Some feel the answer to this problem is to weld up the backs of the “knees” of these two runners on top the intake as well as welding the runners underneath so that the runner can be “straightened” by porting or machining. This is also done in some of the other runners with much smaller turns and they do not have the issue to the same degree as the front runners – they can be effectively straightened if need be. I drew up the following illustration to make my point. Notice that the physical angles of the runner and the head cannot change – the only area that can be worked is the transition at the head flange. Notice the straight dotted line that represents a “straight” runner. What has been done is a radius that existed before has been turned into a “V” angle right at the head flange. The restriction has been moved from the intake runner to the head runner entrance. High velocity air must have a large smooth radius to maximize its tendency to want to “stick” to the near side runner wall rather than being thrown against the far side runner wall in negotiating the turn. This tendency of air flow was first documented by a Romanian by the name of Henri-Marie Coanda in the 1930s. The very best radius would be infinite, but since we can’t get that, we want to use the largest radius we can in the short side wall transition to the port entry.
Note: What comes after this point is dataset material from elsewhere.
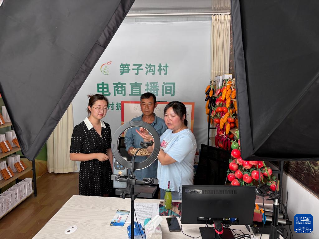 6月17日,在四川省广元市苍溪县陵江镇笋子沟村电商直播间,村支部书记张桂华(左)和村民一起直播。新华社发(王韬摄)

Coanda noted that a stream of fluid or gas will tend to hug a convex contour when directed at a tangent to that surface.

You can check this out for yourself by turning on a tap, so that there's a steady but gentle continuous stream of water flowing. Now bring the back of a spoon into slight contact with the stream and you'll find that the water will no longer fall straight down but actually stick to the curve of the spoon.

This rather unintuitive behavior is the Coanda effect in action.

It's pretty easy to understand why a flow would be deflected by a concave curve -- the curve will "push" the flow around the corner -- but isn't it odd that the flow seems to be pulled by a curved surface?

Both happen in a closed runner with high air speed inside – the idea is to keep the velocity gradient in the runner as evenly spread through the cross section to the runner as possible. The higher the velocity and the tighter the turn, the more the air is going to “stack up” on the long side of the runner and reduce the flow efficiency.

So, creating a smaller radius by “straightening” the end of the intake runner may not be a good move – what do you think? I think it is a much better idea to use the runner’s existing wall thickness and/or welding it more to make the radius larger and more gradual over a longer portion of the runner. This will help keep air distribution more even in the runner and produce more flow – and I’m ALL ABOUT keeping the air column cross section air speed profile high.